# PROBLEM STATEMENT
Set down only these lines, exactly: the line containing "Ce cordon en" and all lines through the end of the data below. Omit pictures.

Data excerpts:
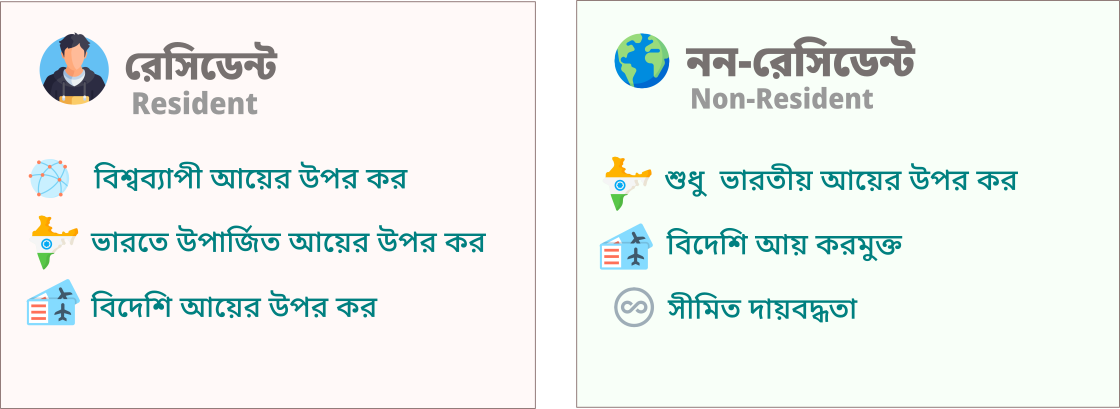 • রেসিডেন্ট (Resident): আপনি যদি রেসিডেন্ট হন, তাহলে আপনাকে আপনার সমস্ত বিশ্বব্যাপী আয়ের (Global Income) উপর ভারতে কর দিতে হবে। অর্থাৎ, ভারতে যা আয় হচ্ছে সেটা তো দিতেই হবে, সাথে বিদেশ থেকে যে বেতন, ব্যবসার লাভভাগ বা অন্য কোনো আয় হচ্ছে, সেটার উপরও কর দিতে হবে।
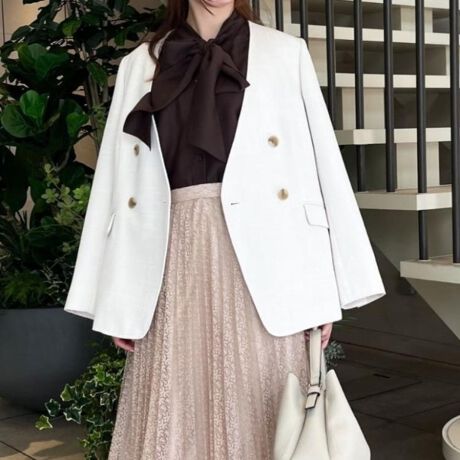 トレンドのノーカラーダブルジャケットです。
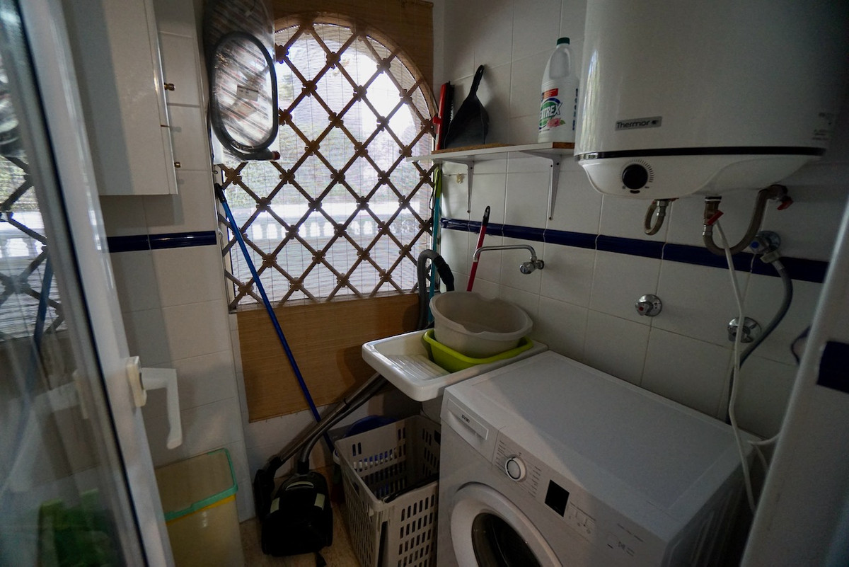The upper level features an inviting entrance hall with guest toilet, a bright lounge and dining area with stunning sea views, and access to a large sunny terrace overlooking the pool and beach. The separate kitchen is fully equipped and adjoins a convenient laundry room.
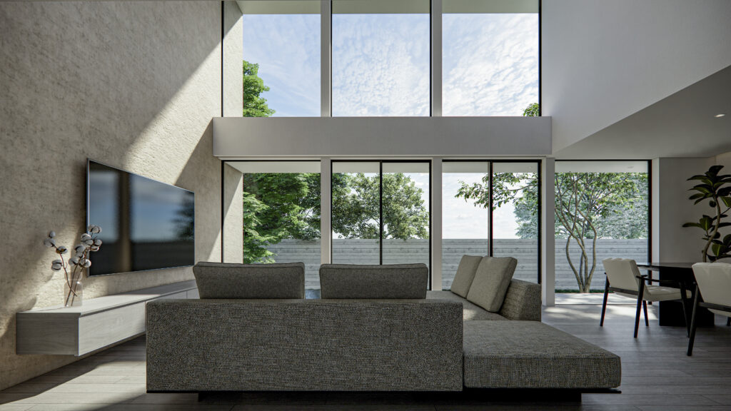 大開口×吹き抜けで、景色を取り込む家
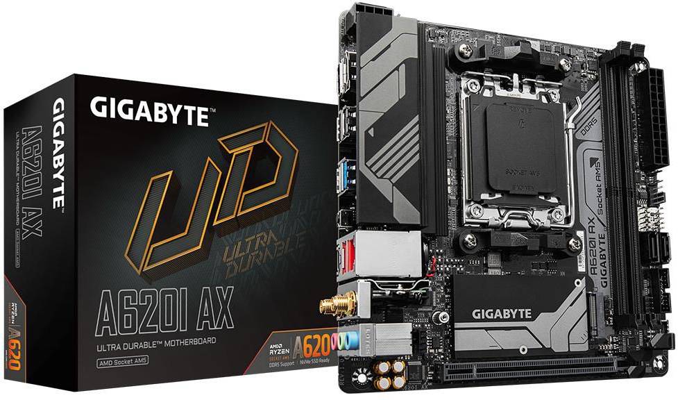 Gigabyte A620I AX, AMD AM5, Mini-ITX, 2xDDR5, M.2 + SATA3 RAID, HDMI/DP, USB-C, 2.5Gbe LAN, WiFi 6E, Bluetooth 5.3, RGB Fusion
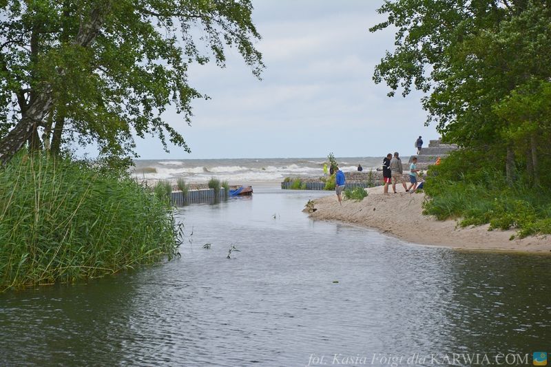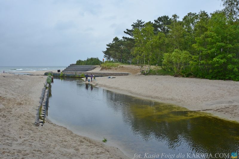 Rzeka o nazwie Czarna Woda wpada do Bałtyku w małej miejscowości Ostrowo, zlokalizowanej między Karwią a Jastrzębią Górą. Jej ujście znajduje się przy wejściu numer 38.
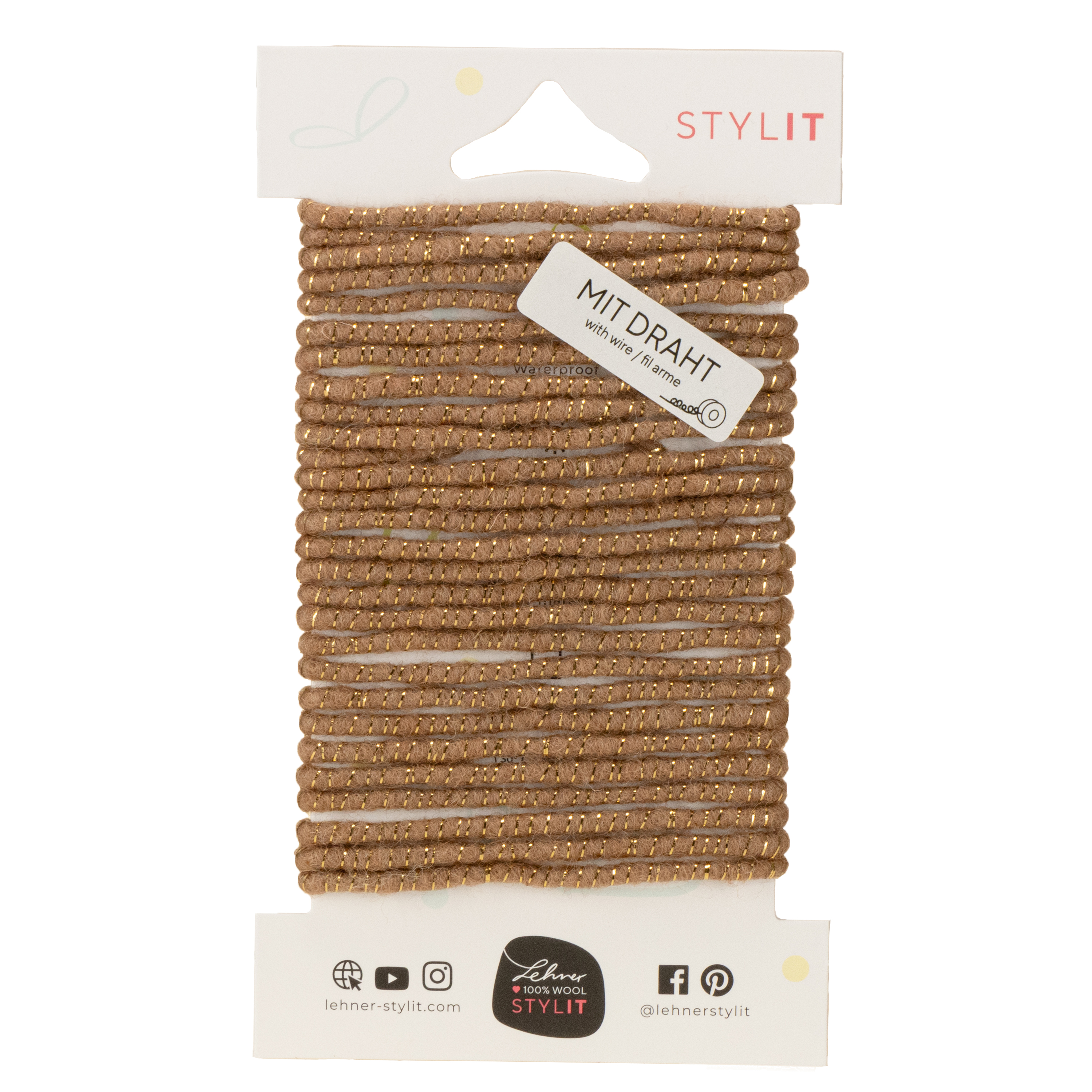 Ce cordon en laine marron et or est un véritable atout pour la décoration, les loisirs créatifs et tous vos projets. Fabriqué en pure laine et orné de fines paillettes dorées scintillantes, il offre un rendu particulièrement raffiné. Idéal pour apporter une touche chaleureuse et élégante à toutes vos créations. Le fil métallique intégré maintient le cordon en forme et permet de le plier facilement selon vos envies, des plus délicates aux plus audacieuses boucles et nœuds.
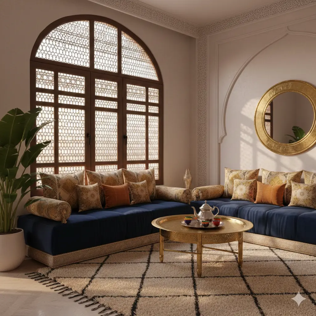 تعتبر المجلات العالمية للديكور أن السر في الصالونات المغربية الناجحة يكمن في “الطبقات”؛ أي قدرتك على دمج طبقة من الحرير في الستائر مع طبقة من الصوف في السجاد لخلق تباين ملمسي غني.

# TASK SOLUTION
 Ce cordon en laine marron et or est un véritable atout pour la décoration, les loisirs créatifs et tous vos projets. Fabriqué en pure laine et orné de fines paillettes dorées scintillantes, il offre un rendu particulièrement raffiné. Idéal pour apporter une touche chaleureuse et élégante à toutes vos créations. Le fil métallique intégré maintient le cordon en forme et permet de le plier facilement selon vos envies, des plus délicates aux plus audacieuses boucles et nœuds.
 تعتبر المجلات العالمية للديكور أن السر في الصالونات المغربية الناجحة يكمن في “الطبقات”؛ أي قدرتك على دمج طبقة من الحرير في الستائر مع طبقة من الصوف في السجاد لخلق تباين ملمسي غني.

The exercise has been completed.